Fact checking
Spread a 400: l’Ultima Thule del governo Lega-M5S
Alessandro D'Amato 04/10/2018
Se il differenziale dovesse ancora crescere il governo Conte rischia di non reggere. E allora ecco l’exit strategy. Che prevede la caduta, le elezioni e…
«Vogliamo costringere l’Ue a dirci no alla manovra»: il lapsus di Luigi Di Maio a Quarta Repubblica è la spia della situazione che il governo Lega-M5S si trova ad affrontare e anche un’anticipazione della strategia del leader grillino e di Matteo Salvini nei confronti dell’Europa. La presentazione, con tratti di vera comicità, della manovra è stata la prima Retromarcia del Popolo innestata dalla crescita dello spread di questi giorni. E non è escluso che ce ne siano altre.
Lo spread a 400: l’Ultima Thule del governo Lega-M5S
Ma c’è un punto di non ritorno dietro questa tattica ed è lo spread a 400. Se il differenziale tra BtP e Bund dovesse ancora crescere, a dispetto delle dichiarazioni bellicose della maggioranza, sarebbero disposti a firmare un armistizio con l’Unione Europea. Altrimenti, finché la crescita sarà intorno ai 300 punti e anche oltre, l’intenzione del governo è di resistere, resistere, resistere anche in caso di scontri e sanzioni dalla UE: «Se non tocchiamo quella quota, non faremo altre concessioni». Altrimenti sarà guerra. E non si faranno prigionieri.
D’altro canto, e ne è convinto più di tutti il ministro degli Affari Europei Paolo Savona, l’Europa avrebbe tutto l’interesse del mondo a mantenere i rapporti con l’Italia perché è un’architrave dell’Unione e senza Roma – o con la sua ostilità a Bruxelles – sarebbe difficile tenere in piedi le istituzioni europee e l’euro. Un ragionamento che non sembra tenere conto affatto del clima che si respira in Germania e in Francia, dove ci sono estremisti esattamente come qui ma stanno dall’altra parte della barricata. E non vedono l’ora di controfirmare dichiarazioni di guerra portate da altri.

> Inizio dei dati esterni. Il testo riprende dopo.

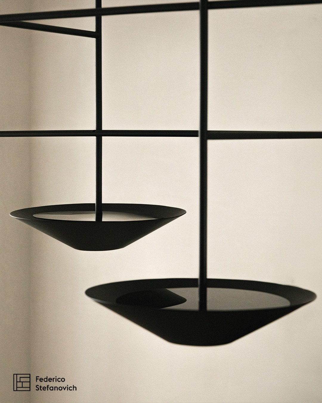 A sculptural lamp made of powder coated steel, created through traditional blacksmithing methods. Its light is soft and diffuse, illuminating the ceiling indirectly. It is composed of independent conical elements arranged in an apparently disordered manner, but achieving visual balance thanks to their orthogonal relationships.
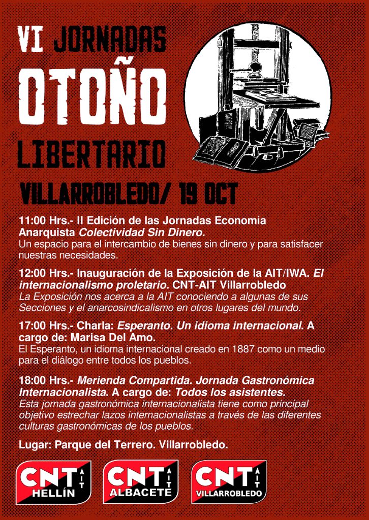 El próximo domingo 19 de octubre el Núcleo de Villarrobledo de la CNT-AIT organiza una Jornada Internacionalista y de Solidaridad Obrera en esta localidad. La jornada contará con múltiples actividades, como nuestra habitual Colectividad Sin Dinero (antiguo mercado sin dinero), una degustación gastronómica internacional con la aportación de platos típicos de distintos pueblos internacionales presentes en Villarrobledo, una exposición sobre la Asociación Internacional de los Trabajadores AIT o una charla sobre el Esperanto idioma internacional.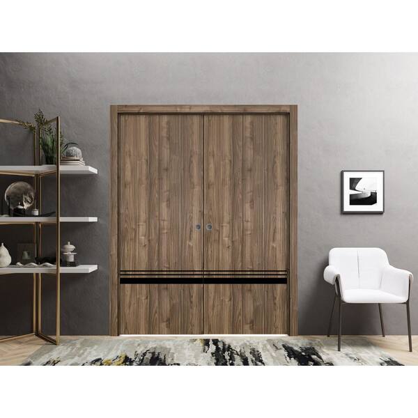 48 in. x 80 in. 2 Panel Walnut Finished Solid Wood with Honeycomb Sliding Door with Hardware
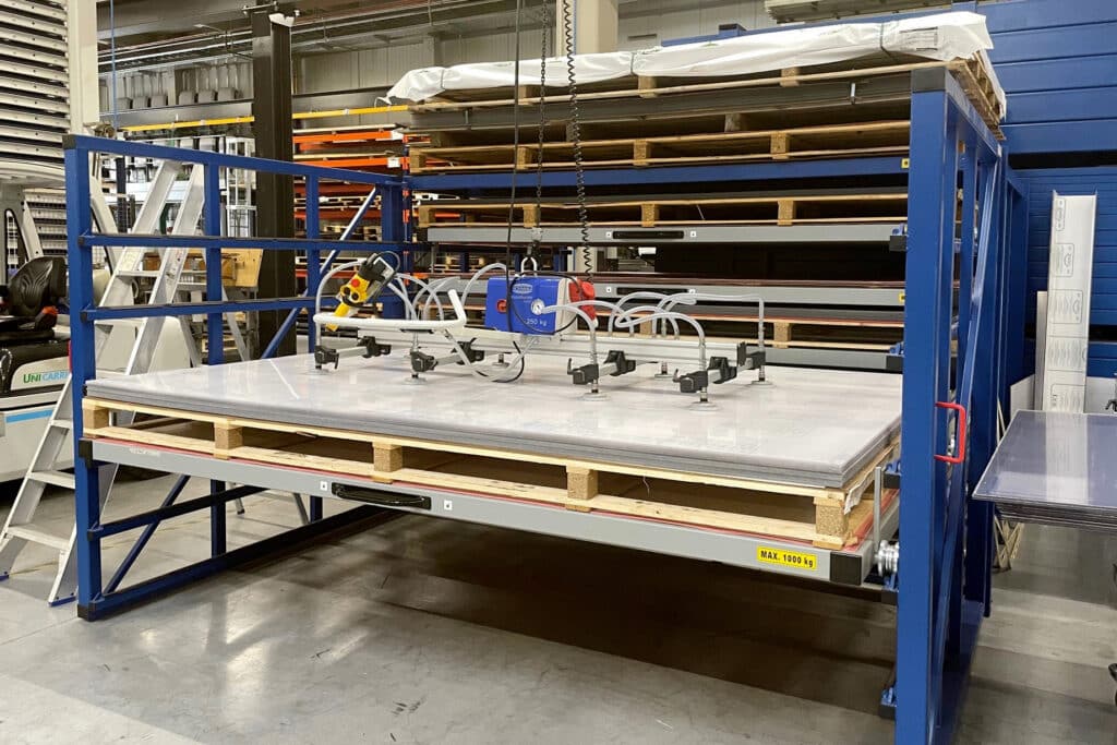 “Men kan platen ook verticaal opslaan, bijvoorbeeld in de platenstelling verticaal, verkrijgbaar in een licht en zwaar model. De laden zijn 100 % uitschuifbaar, waardoor de platen onmiddellijk beschikbaar zijn en men snel en veilig kan werken”, gaat de zaakvoerder verder. “Voor opslagruimten met een beperkte beschikbare diepte stellen we mobiele ladeframes voor. Onze platenstelling U-Box, een geautomatiseerde platenrek met elektrisch openschuifbare laden, is dan weer ideaal voor zware metalen platen tot 20 ton. Bij beide oplossingen worden de laden op rails gemonteerd. Zo kan men ze gemakkelijk verschuiven, waardoor een gangpad ontstaat.”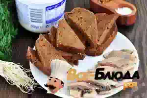 1. Нарежьте ржаной хлеб удобными небольшими кусочками. Сельдь очистите от головы, хвоста, костей и внутренностей, нарежьте филе сельди кусочками. Лук и укроп помойте, обсушите.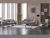 The Royal Living Room Set from Furnia Furniture offers elegant comfort and modern versatility. Available in Light Gray or Cream, this set features four layout options—from compact setups to full family seating—making it a stylish centerpiece for any living room.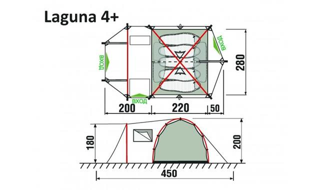 RockLand Laguna 4+ комфортабельная палатка для семейного отдыха. Это не просто четырехместная палатка, это двухкомнатная палатка! В ней сможет отдыхать сразу две семьи. А можно в одной комнате устроить детскую. Возможно снять разделительную и использовать одну большую комнату. В тамбуре можно разместить стол. Палатка имеет довольно небольшой вес и габариты в упакованном виде, идеальный вариант для автотуризма.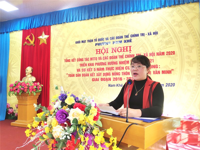 Ngày 21/12, Khối MTTQ và các đoàn thể chính trị - xã hội phường Nam Khê tổ chức hội nghị tổng kết công tác năm 2020, triển khai phương hướng, nhiệm vụ năm 2021; sơ kết 5 năm thực hiện cuộc vận động “Toàn dân đoàn kết xây dựng nông thôn mới, đô thị văn minh” giai đoạn 2015-2020.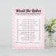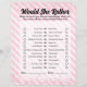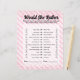 Fördjupa din fest med vår "Skulle hon hellre?"-födelsedagslek! Denna underhållande aktivitet utmanar gästerna att gissa vad födelsedagsflickan föredrar i olika scenarier. Från att välja mellan att sova länge eller stiga upp tidigt, till att välja pepparonipizza framför ostpizza, kommer detta spel garanterat att skapa samtal och skratt. Personen med flest rätta svar vinner! Med en snygg design med rosa ränder och glitteraccent, kompletterar den perfekt ditt festtema. Dessutom är alla alternativ helt anpassningsbara för att göra spelet unikt anpassat till födelsedagsflickan. Perfekt för födelsedagar, shower och andra festliga sammankomster, kommer detta spel att hålla dina gäster engagerade och skapa minnesvärda ögonblick.

E se invece lo spread arriva a 400?
E cosa succede se invece lo spread arriva a 400? In questo caso l’intero sistema rischierebbe di cedere rapidamente, ragionano grillini e leghisti che evidentemente sottovalutano la possibilità che una lenta agonia possa fare gli stessi danni in un orizzonte temporale più lungo (oppure ritengono questa ipotesi più sostenibile delle altre). A quel punto si aprirebbero due possibilità: la prima è di rimangiarsi il deficit/PIL al 2,4% rinunciando di fatto a fare politica economica per gli anni a venire, visto che non ci sarebbe spazio per le costosissime riforme della Fornero e del reddito di cittadinanza. O meglio, ci sarebbe a patto di mettere le mani sulle forbici e tagliare, tagliare, tagliare come del resto i 5 Stelle avevano promesso avventatamente durante la campagna elettorale. Questa ipotesi però è irrealistica perché significherebbe scontentare ampi strati della popolazione che oggi hanno accordato la loro preferenza ai gialloverdi.
E allora l’altra ipotesi sarebbe quella di lasciar cadere il Governo del Cambiamento, fare spazio a un esecutivo tecnico e correre il più velocemente possibile verso nuove elezioni politiche e una nuova legittimazione. Una specie di Ultima Thule, dove però tutto rimarrebbe incognito, anche i risultati elettorali e la possibilità che non tutto vada come previsto. La bocciatura della legge di bilancio del Popolo potrebbe essere un ottimo argomento per fare il pieno alle urne. Il problema è che dopo si tornerebbe sempre alla calcolatrice. E quella non si lascia influenzare dai sondaggi, figuriamoci dai risultati.